As shown in FIG. 1 , FIG. 2 , FIG. 3 and FIG. 4 , the optical element 140 has a light guide substrate 141 , a plurality of light guides 142 and a plurality of light type adjustment structures 143 . The light guide substrate 141 has a top surface 141 a and a bottom surface 141 b, and the light guide substrate 141 covers the opening 112 a, and the bottom surface 141 b faces the carrier 120 . The light guides 142 protrude from the bottom surface 141 b , and each light guide 142 extends toward one LED 130 to receive the light emitted by each LED 130 . The light type adjustment structure 143 protrudes from the top surface 141a, and each light type adjusts The node structure 143 corresponds to at least one light guide 142 . The light emitted by the light emitting diode 130 enters the optical element 140 after being received by the light guide 142 . The light passes through the light guide substrate 141 and the light type adjustment structure 143 after being refracted, and finally is refracted by the light type adjustment structure 143 to diffuse, and the light is projected from the top surface 141a in a predetermined light type. The light guide substrate 141 , the plurality of light guides 142 and the plurality of light type adjustment structures 143 are made of transparent material (but may have a specific color, such as red or yellow), and are integrally formed.

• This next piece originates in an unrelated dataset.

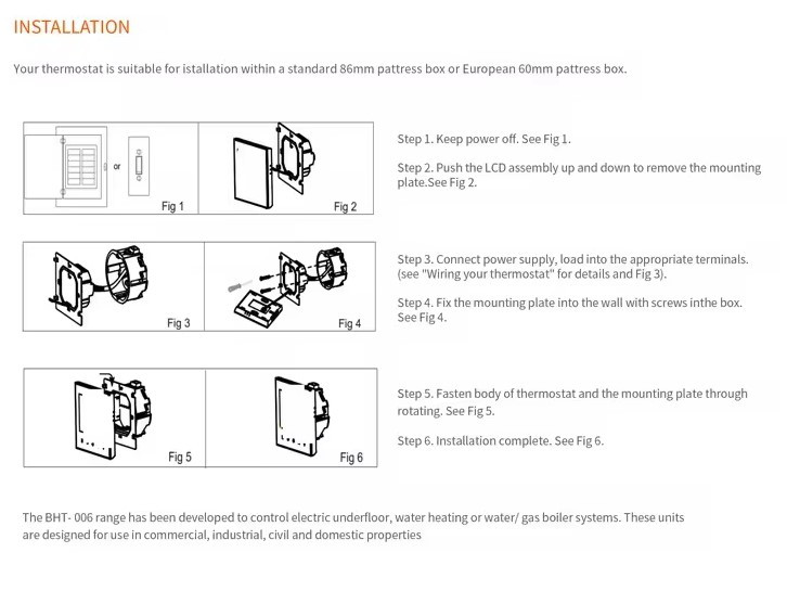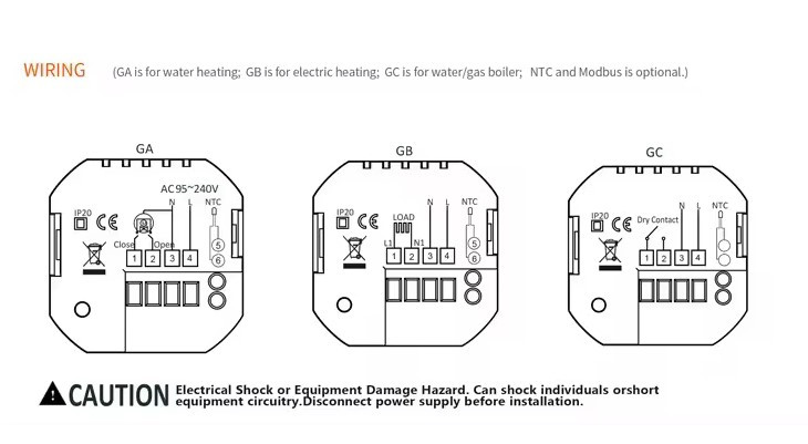 V prípade elektrických vykurovacích panelov, konvektorov, termostatov podlahového kúrenia a ventilátorových ohrievačov je možné priamo použiť 5A termostat. V prípade elektrického podlahového kúrenia môže termostat priamo pripojiť vykurovacie káble, ak ich výkon nepresahuje limit 5 A.

As shown in FIG. 4 , in a specific embodiment, each light-type adjusting structure 143 is configured corresponding to one light guide 142, and the projection of each light-type adjusting structure 143 on the top surface 141a coincides with the corresponding light guide 142 on the bottom surface. 141b projection. However, the present invention does not rule out that the projections of the light pattern adjusting structures 143 on the top surface 141a and the projections of the light guide 142 on the bottom surface 141b are inconsistent in size, or the projections only partially overlap. In addition, the light-type adjustment structure 143 and the light guide 142 are not limited to one-to-one correspondence. In the present invention, each light-type adjustment structure 143 can be configured corresponding to multiple light guides 142 at the same time, or multiple light guides 142 can be configured simultaneously. The type adjustment structure 143 may be configured corresponding to one light guide 142 at the same time.

The light pattern adjustment structure 143 is mainly used as a diffusion structure to expand the angle range of the projected light, reduce the average illuminance, avoid strong light from affecting the vision of the person whose line of sight is facing the lamp 100, and increase the angle range of the projected light at the same time, so that viewing from different angles Anyone can clearly see that the lamp 100 emits light.

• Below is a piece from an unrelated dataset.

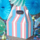 Favour box with the transgender pride flag with horizontal pink, blue, and, white stripes. Customisable.

As shown in FIGS. 1 and 3 , the lamp holder 110 further includes a fixing post 113 disposed in the accommodating space 112 for supporting and fixing the carrier board 120 . In addition, a threading hole 114 is provided on the bottom or side of the lamp holder 110 for the cable 150 to pass through, so as to be directly or indirectly electrically connected to each LED 130 to supply power to each LED 130 . The threading hole 114 may be filled with glue or inserted with an elastic plug 160 , and the cable 150 passes through the glued or elastic plug 160 to seal the threading hole 114 waterproofly through the glued or elastic plug 160 .

As shown in FIG. 4 , FIG. 5 and FIG. 6 , in a specific embodiment, the light pattern adjustment structures 143 have different heights on the top surface 141 a to form different optical effects. As shown in FIG. 4 and FIG. 5 , the height of the light-type adjusting structures 143 located in the central region 141c of the top surface 141a is greater than the height of the light-type adjusting structures 143 located around the central region 141c, so that the light-type The adjustment structure 143 forms different optical effects in the central region 141c and the surroundings of the central region 141c, and changes the overall light pattern of the optical element 140 to comply with regulations.

As shown in FIG. 5 , in a specific embodiment, the projections of the light pattern adjusting structures 143 on the top surface 141 a are rectangular, with long sides 143 a and short sides 143 b respectively. The light mode adjustment structures 143 located in the central area 141c of the top surface 141a are arranged with their equal long sides 143a parallel to each other. The light pattern adjustment structures 143 located around the central area 141c are arranged radially in the direction of their long sides 143a. The light pattern adjustment structures 143 form different optical effects in the central region 141c and the surroundings of the central region 141c, and change the overall light pattern of the optical element 140 .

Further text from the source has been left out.